I see them adding names to the list of attending authors, and though I am an author and i am attending, mine is still absent.
The list of "attending authors" includes only those people who have been asked to be on programming (including readings), and it's not complete. There are published authors who will attend Interaction, but who will not be on Programming, and their names aren't on that list. (And there will be published authors who are on Programming and are attending and who will never make it into the list, because there are so many people involved and there are so many places where communications can go wrong.)
I hate to whine, and I hate to be a pest, but scheduling this has really been a pain without knowing what I am doing. I hope you understand.
If I were in your position, at this time (a bit over six weeks out), and hadn't been told I was going to be on Programming, I'd assume I wasn't and make my during-Worldcon plans accordingly. If Programming was then to come back and ask me to be on something, they'd have to fit my schedule, not the other way around.
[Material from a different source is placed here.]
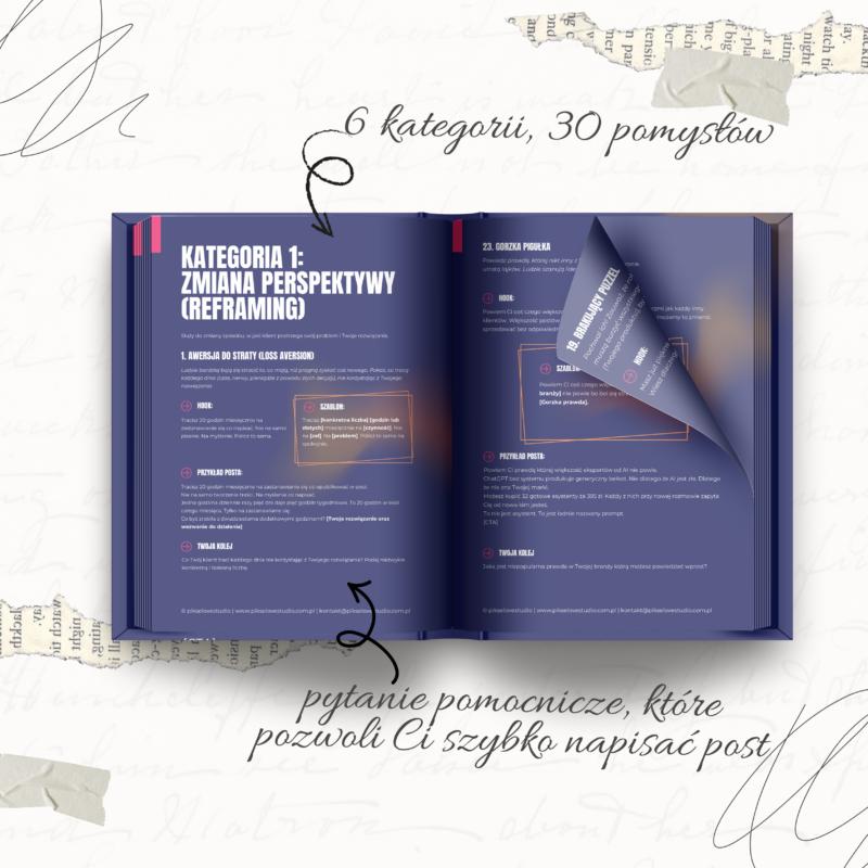 Odkryj 30 sprawdzonych kątów komunikacji, które raz na zawsze rozwiążą problem braku pomysłów na posty! Ten praktyczny ebook to gotowe szablony i przykłady, idealne dla małych firm, które chcą zwiększyć sprzedaż i zaangażowanie w social media. Nigdy więcej pustego ekranu – zacznij sprzedawać dziś!

I am on a couple of programming items myself, but some of them are
ex officio like the WSFS Mark Protection Committee meeting -- I'm the MPC Chairman -- and others are panels of fannish interest because I'm a WSFS rules wonk, including one about "A Fair Ballot" (how the Hugo ballots work, among other things) and about Worldcon financial responsibility. But my own personal schedule is highly constrained by my responsibilities managing the convention's Events division.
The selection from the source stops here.